Technologies de production

  • Automatismes robotique et cobotique
  • Fabrication additive
  • Pilotage de ligne de fabrication
  • Contrôle qualité des réservoirs hydrogène

Economie circulaire

  • Réemploi, remise en état
  • Recyclage (ex : batterie)

A ces compétences techniques s’ajoutent des compétences transversales, qui ne sont pas spécifiques de la construction automobile mais sont de plus en plus recherchées ou valorisées dans la gestion des compétences par les entreprises.

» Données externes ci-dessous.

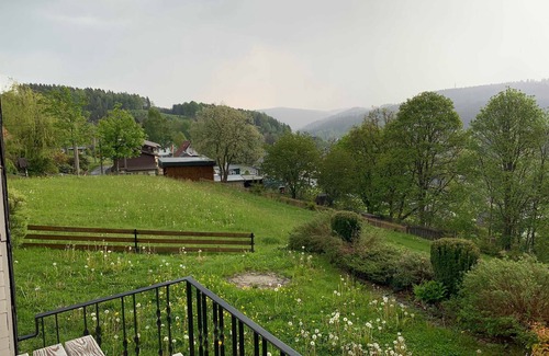 Location... The property is located in the district Klingenthal in the beautiful place "Oberzwota" near the Czech border. It is about 40 minutes to Karlovy Vary. The Finnhütte is located at the highest point of the village (730 meters above sea level) with a beautiful view into the valley. The location in the heart of the Vogtland is ideal for relaxing and relaxing in nature. The accommodation is also very suitable for active tourists. There are good cycle paths as well as hiking trails in the immediate surroundings. On foot, by bike or in winter on skis, you will find a well developed forest road network. The area from Klingenthal via Zwota to Erlbach and Schöneck is a winter sports resort with many cross-country ski runs, slopes and lifts. Directly behind the Finnhütte is a cross-country ski trail. With numerous connecting loops, it forms a very nice cross-country skiing area and is one of the longest, most beautiful and snow-sure trails. In the vicinity you will find beautiful romantic forest lakes in connected forests with numerous streams and small rivers. Equipment... The plot has an area of approximately 305 sqm and is equipped with a larger massive Finnhütte (42 sqm) with small terrace and small balcony. The accommodation can accommodate up to 4 people. The sleeping places are located in the top floor of the hut. They are all single beds. The accommodation is winterfest. The decor is simple and rustic, but it is everything you need. In the kitchen there is a sink with hot and cold water, a refrigerator, a water cooker and a coffee machine. Next door is a small bathroom with shower, sink and toilet. In the lounge is a table with seating for six people. There is also a small barbecue on the property. Please note ... In the Finnhütte, there is a steep staircase leading to the sleeping area. The walk to and from the sleeping floor is only possible for small children under supervision. Even for older adults this staircase can be a challenge. This is to be considered when booking. Also I would like to point out the pets (pets = dog, event. Bird) per day 5.00 Euro and a final cleaning of 10.00 Euro will be charged. We are looking forward to your visit! Your VogtlFinn's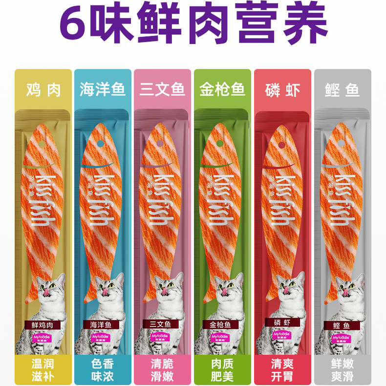 麦富迪猫条亲嘴鱼100支三文鱼鸡肉金枪鱼猫零食猫条整箱宠物猫咪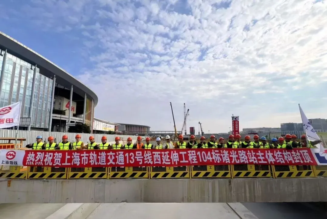 2025年12月,随着最后一块顶板混凝土浇筑,由上海建工承建13号线西延伸工程104标国家会展中心站(诸光路站)主体结构封顶。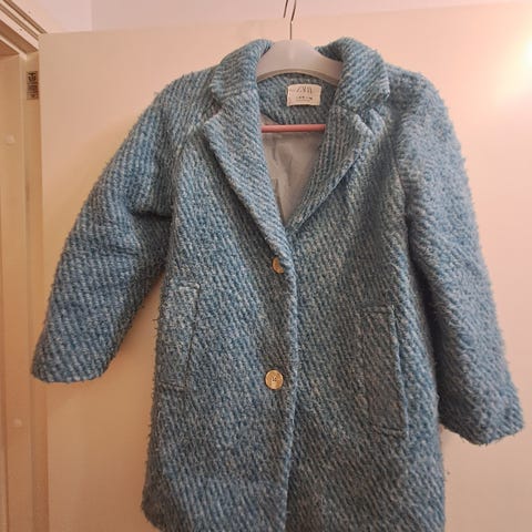 Myydään hyvässä kunnossa oleva a-linjainen vaaleansininen villakangastakki, takkiin on vaihdettu ihanat timantti-napit. Takana soma rusetti. Savuton eläimetön talous.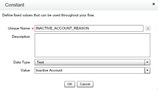 ACCOUNT_ACTIVE_NO, INACTIVE_ACCOUNT_REASON, STATUS_CLOSEDConstants contain static values that are referred to later on. For example, they contain the Case Reason value used when updating the Cases.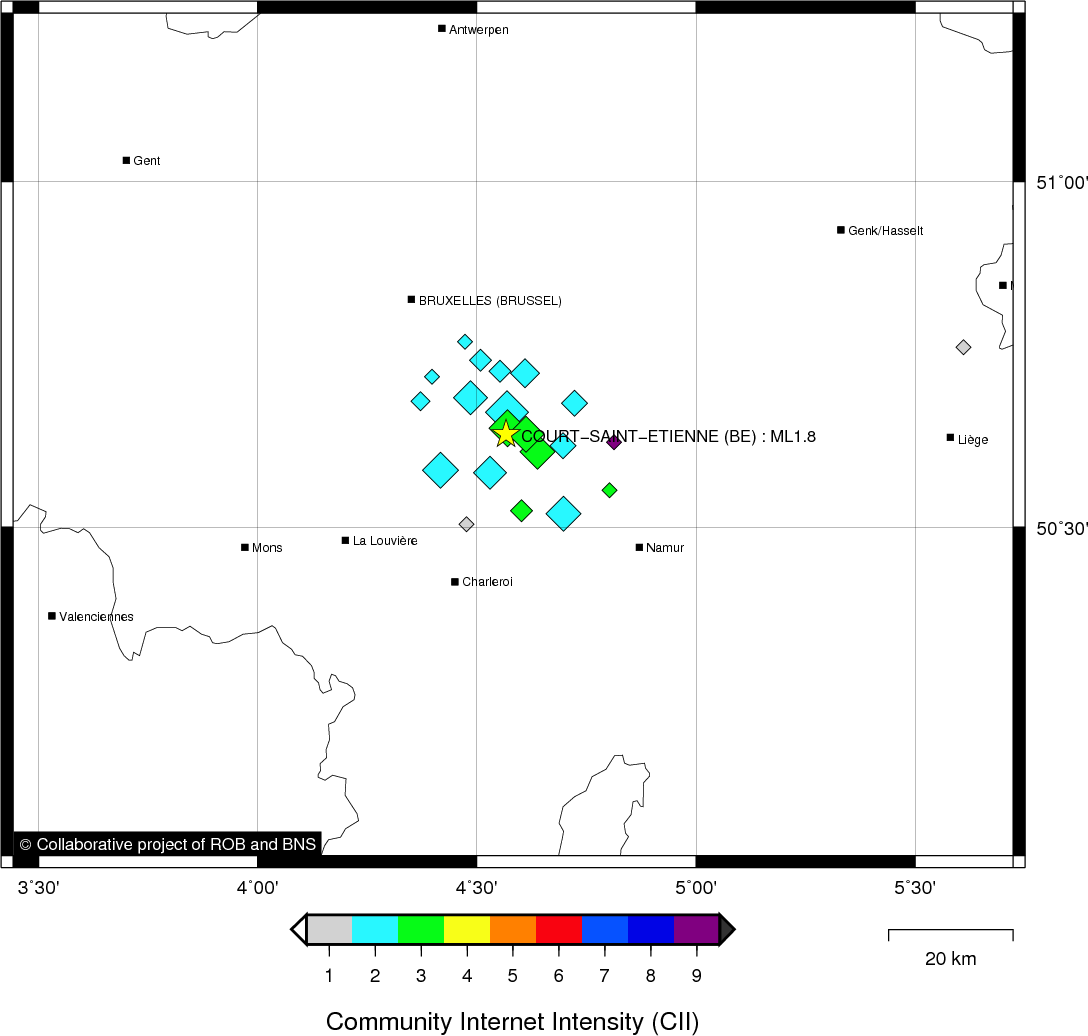 | Epicentral coordinates | 50.635° N, 4.567° E Uncertainty ± 0.6 km |

Ces compétences décrivent la capacité, notamment parmi les encadrants, à s’intégrer dans un contexte en évolution radicale et permanente :

  • Adaptation au changement
  • Prise de recul, esprit critique, contribution à la définition et à la conduite du changement
  • Management

Dans ce contexte incertain, les entreprises industrielles de la filière doivent plus que jamais parvenir à recruter les talents leur permettant de poursuivre leur développement vers les nouveaux modes de mobilités dans un contexte particulièrement concurrentiel, non seulement en Europe mais aussi et surtout au niveau mondial.

Les questions de formations et de sécurisation des parcours professionnels, déjà identifiées comme un enjeu particulièrement important lors des études précédentes, sont réaffirmées comme une condition indispensable à la réussite de la transition de la filière auto nationale et, plus largement, de l’industrie en général.

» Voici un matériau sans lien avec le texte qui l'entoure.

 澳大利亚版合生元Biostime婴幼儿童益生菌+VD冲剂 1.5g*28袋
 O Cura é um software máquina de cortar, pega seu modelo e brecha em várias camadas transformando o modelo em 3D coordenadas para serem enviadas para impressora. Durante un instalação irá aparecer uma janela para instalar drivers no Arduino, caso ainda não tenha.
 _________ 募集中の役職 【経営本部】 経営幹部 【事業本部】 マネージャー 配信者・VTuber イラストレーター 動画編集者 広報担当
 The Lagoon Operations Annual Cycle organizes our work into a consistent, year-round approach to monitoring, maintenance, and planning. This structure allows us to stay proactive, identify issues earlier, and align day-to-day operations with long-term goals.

Le challenge des entreprises repose aujourd’hui non seulement sur leur capacité à se positionner sur un secteur stratégique, mais également à s’entourer des compétences essentielles leur permettant de conserver ou même prendre de l’avance sur les technologies.

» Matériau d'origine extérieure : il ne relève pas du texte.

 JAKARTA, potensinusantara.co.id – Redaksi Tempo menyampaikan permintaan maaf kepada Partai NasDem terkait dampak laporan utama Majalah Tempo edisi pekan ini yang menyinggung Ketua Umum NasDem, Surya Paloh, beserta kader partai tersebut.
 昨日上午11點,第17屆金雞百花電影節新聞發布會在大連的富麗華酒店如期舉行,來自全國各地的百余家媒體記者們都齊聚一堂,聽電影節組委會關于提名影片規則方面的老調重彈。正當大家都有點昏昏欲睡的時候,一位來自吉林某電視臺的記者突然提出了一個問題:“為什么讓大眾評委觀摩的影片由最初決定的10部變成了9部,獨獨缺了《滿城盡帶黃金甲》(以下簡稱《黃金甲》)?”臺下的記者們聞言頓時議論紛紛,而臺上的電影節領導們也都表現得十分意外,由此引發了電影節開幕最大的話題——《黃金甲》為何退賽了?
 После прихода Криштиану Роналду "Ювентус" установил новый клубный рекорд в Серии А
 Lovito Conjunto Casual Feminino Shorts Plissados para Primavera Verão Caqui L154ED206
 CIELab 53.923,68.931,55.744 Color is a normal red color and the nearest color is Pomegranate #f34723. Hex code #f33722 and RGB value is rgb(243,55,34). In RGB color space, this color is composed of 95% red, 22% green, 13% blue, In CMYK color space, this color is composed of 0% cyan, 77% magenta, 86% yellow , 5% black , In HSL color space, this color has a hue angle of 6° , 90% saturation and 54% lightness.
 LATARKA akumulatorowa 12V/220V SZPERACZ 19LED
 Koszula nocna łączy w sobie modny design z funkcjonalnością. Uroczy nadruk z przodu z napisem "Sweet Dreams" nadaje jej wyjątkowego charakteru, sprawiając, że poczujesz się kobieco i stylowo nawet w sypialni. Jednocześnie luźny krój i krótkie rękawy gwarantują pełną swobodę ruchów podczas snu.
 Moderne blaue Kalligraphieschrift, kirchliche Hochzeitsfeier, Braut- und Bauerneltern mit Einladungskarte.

Si de prime abord la situation peut paraître défaitiste, comme dans toute transformation, le corolaire de chaque difficulté est qu’elle apporte également de formidables opportunités. Une chance pour des jeunes et moins jeunes désireux de contribuer au développement d’une mobilité plus verte, plus vertueuse et plus éco-responsable, de découvrir des métiers de passion, de s’épanouir et de contribuer à transformer les métiers de l’automobile et de la mobilité de demain. C’est bien les compétences et les complémentarités de toutes et de tous qui permettront à cette filière de se réinventer et de sortir grandie et renforcée de cette période mouvementée. Les Campus des Métiers et des Qualifications et plus particulièrement en région Auvergne Rhône Alpes  les CMQ Auto’Mobilités et Smart Energy Systems sont des relais privilégiés pour identifier les formations qui intègrent ces enjeux.